In this study, the Goddard Cumulus Ensemble Model (GCE) is used to examine the behavior and response of air-sea interactions, microphysical and precipitation processes, radiational effects, and large-scale forcings in the evolution of two multi-day tropical convective systems. The first system is over the relatively cool and dry atmosphere of the eastern Atlantic (1-7 September 1974; GATE), while the second is over the warmer and more moist tropical waters of the western Pacific Ocean (19-27 December 1992; TOGA COARE). Both two- and three-dimensional versions of the GCE are used to conduct the simulations, which includes a full three-class ice-phase microphysics scheme, and explicit interactions between the cloud microphysics, radiation, and surface fluxes.
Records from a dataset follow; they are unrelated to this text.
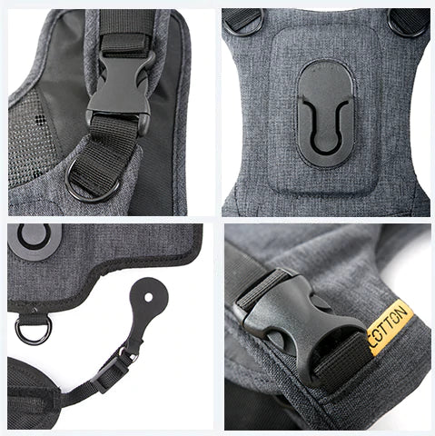 Cameras and lenses are expensive. Why take a chance when transporting your gear? Our high-quality products are made from tough materials: Rugged Nylon 6 camera mounts, hand-tooled anodized aluminum camera mounting hubs, premium polypropylene nylon webbing and straps, precise stitching, and oversized clips all around.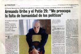 Armando Uribe y el Patio 29: "Me preocupa la falta de humanidad de los políticos" (entrevistas) [artículo] Guillermo Muñoz.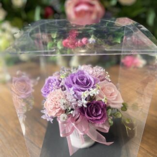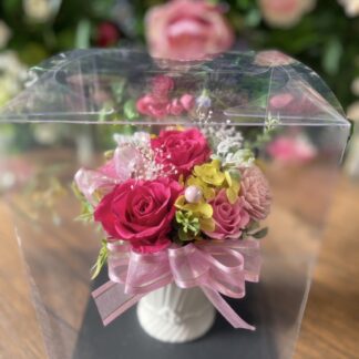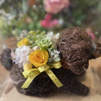 犬のバケットにバラ花可愛いプリザーブドフラワー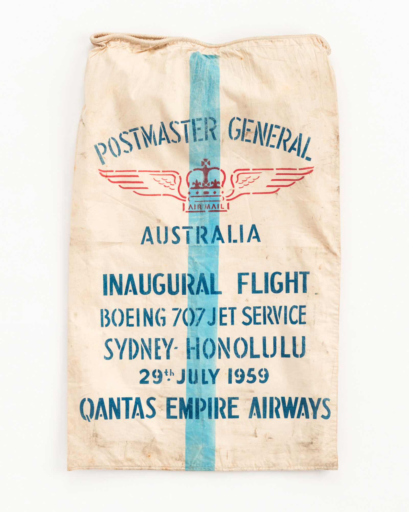 White canvas post bag celebrating the first Qantas flight between Sydney and Honolulu, 1959

The convective cloud systems from the GATE and TOGA-COARE simulations will be compared which each other in order to evaluate the role of environmental and cloud-scale forcings on tropical convective development. Some results which will be compared and presented from these simulations include (1) quantified heating and moisture budgets in the convective and stratiform regions; (2) domain-averaged mass fluxes, radiation fluxes, surface fluxes, cloud fractions, and precipitation amounts; (3) temperature and moisture deviations from observations; and (4) profiles of the hydrometeor distributions. The simulated results will also be compared to observations in order to quantify the relative significance in which surface processes, radiation, microphysics, large-scale forcings, and domain dimension play in the development and evolution of these systems.